Perez and Sari proposed an amendment to the city's Ten-Year Capital Investment Plan that would have diverted money from the Réseau express vélo — a signature project of the mayor's party — for body cameras.
In a December interview with MTL Blog, independent City Councilor Marvin Rotrand, who voted in favour of the amendment, bemoaned that opposition to the cameras hinged in part on the SPVM's predicted cost for their implementation — a cost the councillor claimed is "ten times higher than what it would cost in Toronto."
"The evolution of the technology means that the cost argument is no longer valid," Rotrand said, further charging that "there's no political will for the majority party to do this."
What effect has the Camara case had on the body camera movement?
Montrealer Mamadi Camara was wrongly arrested following an attack on an SPVM officer on January 28, 2021. He was released from detention six days later on February 3, in light of new evidence that exonerated him.
Just days after his release, Ensemble Montréal once again made a formal call for the implementation of body cameras, arguing that the technology would "help avoid arbitrary arrests."
"It's time to stop playing games!" Lionel Perez declared in a statement.

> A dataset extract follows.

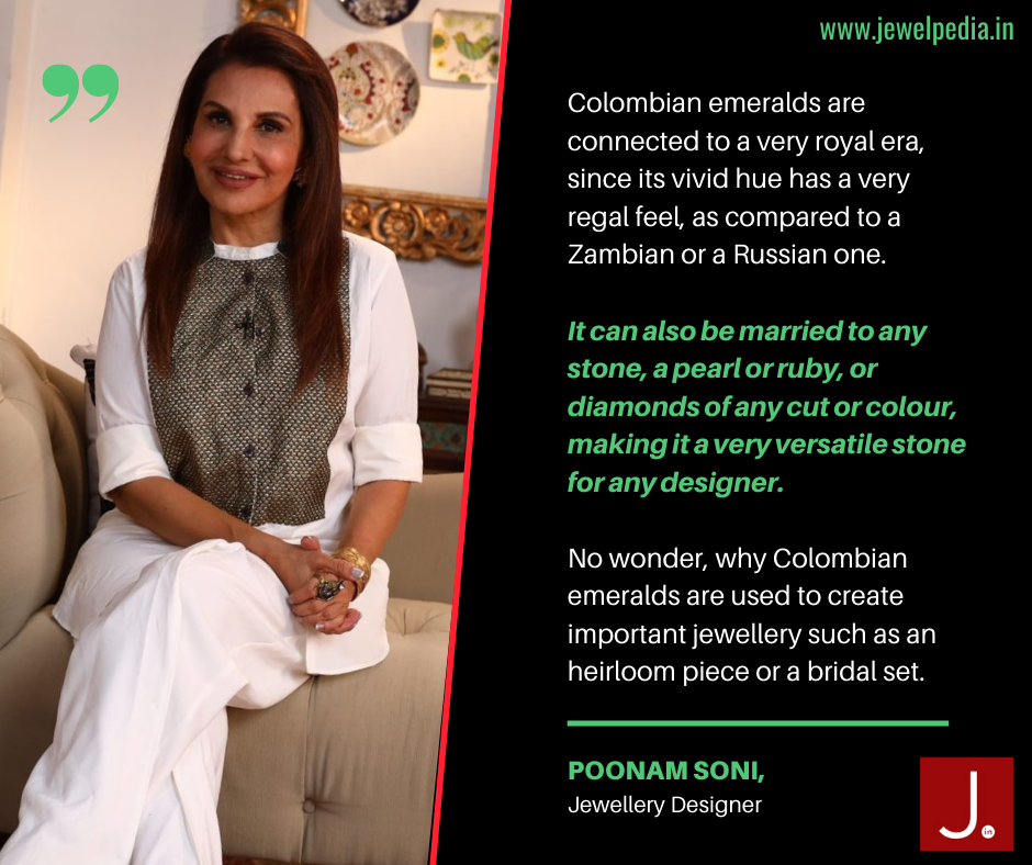 Renowned jewellery designer Poonam Soni stated that gemstones like Colombian emerald are gaining immense popularity in bridal trousseaus. “I personally use a lot of Colombian emeralds. I love cabochons the most and yes, the carved emeralds too. I have always felt that the Colombian emeralds are connected to a very royal era, since its vivid hue has a very regal feel, as compared to a Zambian or a Russian one. It can also be married to any stone, a pearl or ruby, or diamonds of any cut or colour, making it a very versatile stone for any designer. No wonder, why Colombian emeralds are used to create important jewellery such as an heirloom piece or a bridal set in which size, quality, and colour is given utmost importance,” she added.

"For two years we've been asking the Plante administration to act on this matter; each time, all we've gotten are excuses."
"Body cameras have unanimous support; we just have to pull our heads out of the sand."

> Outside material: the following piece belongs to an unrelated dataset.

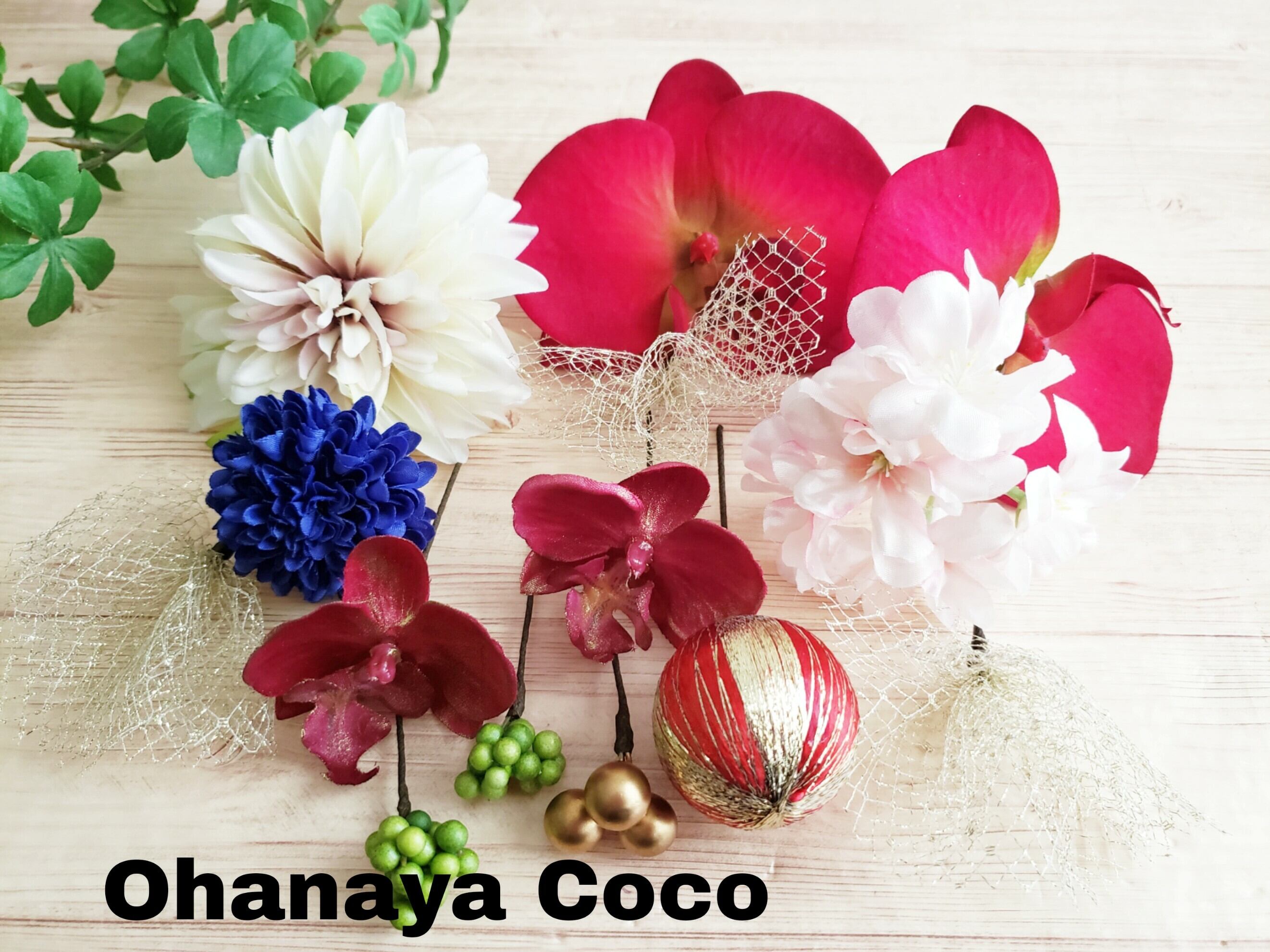 専用 華雅 hirahira 胡蝶蘭とダリアの髪飾り14点Set オーダー商品 20190412メ

Mayor Valérie Plante, meanwhile, still says she supports the measure, but added in comments on February 8 that "it's about making sure that this time is the good time, so we don't spend money on something that doesn't work [...] as it should."
The mayor referenced the need to ensure that body camera footage could hold up in court, a prerequisite that the technology in the 2016 pilot project did not fulfill, she has previously explained.
"I don't have hesitations towards the body cams or buying them right now, but the point is, it has to work properly," she told MTL Blog.
The mayor said she has been discussing body cameras with the provincial minister of public security, Geneviève Guilbault, and that the Government of Quebec has expressed willingness to support a camera project.
"We want it. We want it as soon as we can," Plante concluded.
Ensemble Montréal plans to table its own motion calling for the "immediate permanent implementation of body-worn cameras on SPVM officers" in a city council meeting on February 22.
"We're not giving up until the Plante administration gives in," Perez said.
"Montrealers of every origin must feel protected from police repression in their city. The tragic events of recent days involving Mr. Camara demonstrate that action is needed now, for the good of us all."
"We're done accepting lame excuses and empty promises from Valerie Plante."